La revue scientifique Nature Medicine a publié le 19 mars sur son site officiel une étude sur le nouveau coronavirus. La recherche relève que le taux de mortalité parmi les infectés à Wuhan, capitale de la province du Hubei, en Chine, où le premier cas  a été enregistré, est plus faible que la moyenne mondiale avec 1,4% contre 4,5%.

    Ceci n'a rien à voir avec les progrès scientifiques contre le virus  encore balbutiants et beaucoup avec l'organisation de la société et les capacités de l'Etat à faire face.

  Les deux pays qui comptent le plus de morts actuellement sont l'Italie (qui avec 50 millions d'habitants a plus de morts que la Chine qui en compte 1 milliard et demi)  et l'Iran ruiné par les sanctions. Cuba si pauvre résiste mieux que les USA!

    L'Italie est un cas d'école. Le sud vit de l'économie grise, les prédateurs ont détruit l'état, les fiefs féodaux se développent, la  destruction des services publics aussi.  Elle n'est plus capable que d'effets de télévision.  Les pays qui ont le mieux résisté à la vague libérale sont les mieux armés pour résister. Et leurs tares  (le traitement des immigrés et des exclus par exemple) leur sautent à la figure.

 La Chine usine du monde, décriée par tant de gens de gauche  (la droite est plus prudente, intéressée par les faibles salaires et la qualité du travail)   se révèle la plus apte  à faire face au péril. Après l'Italie elle aide la France qui fait partie du G7 et est devenue incapable de faire face au manque de masques !

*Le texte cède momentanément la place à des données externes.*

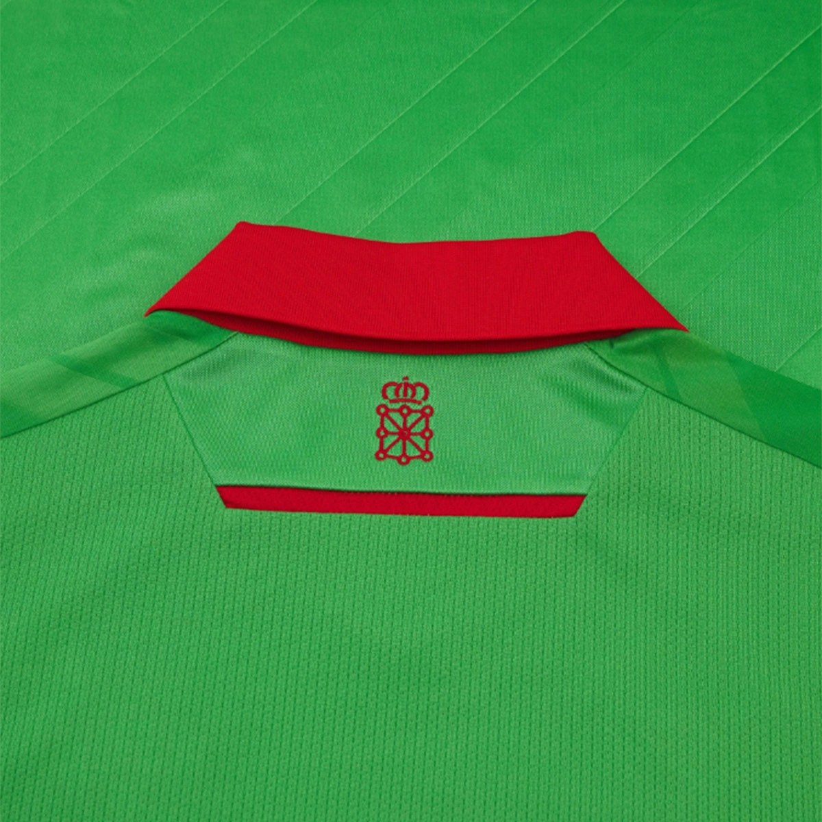 Le maillot extérieur d'Osasuna pour la saison 2025/26 se distingue par une base verte éclatante traversée par un motif diagonal en relief qui apporte rythme et personnalité au design. Le col polo et les bords des manches en rouge contrasté rappellent l'une des couleurs traditionnelles du club.

   Sans tentation de modèle, nous avons intérêt à étudier la Chine, sa monnaie peu convertible  et peu sensible à la Bourse, les banques  contrôlées par l'Etat même lorsqu'elles sont privées ,  l'augmentation du niveau de vie de centaines de millions d'habitants. Tout en sachant qu'il y a trois chines, un retard séculaire à combler, des façons de faire qui ne sont pas les nôtres.

   Et l'examen de   l'état des grands pays capitalistes financiers, notamment le fleuron américain, est tout aussi instructif.   Ils abandonnent l'un après l'autre les dogmes soi -disant inscrits dans le marbre :  l'inflation est à nouveau à l'ordre du jour, les milliards pleuvent du moins comme annonce, le déficit  du budget redevient abyssal, il faut reconstruire en urgence des services publics  obstinément cassés depuis trente ans  ,    la dette n'est plus un problème puisqu'on peut l'effacer !  

     On nous a raconté des balivernes pour masquer le profit à 14 % mais  cela devient intenable. 

    Mais l'histoire est ainsi faite,  des solutions commencent à naître, à nous de le comprendre    pour être mieux armés.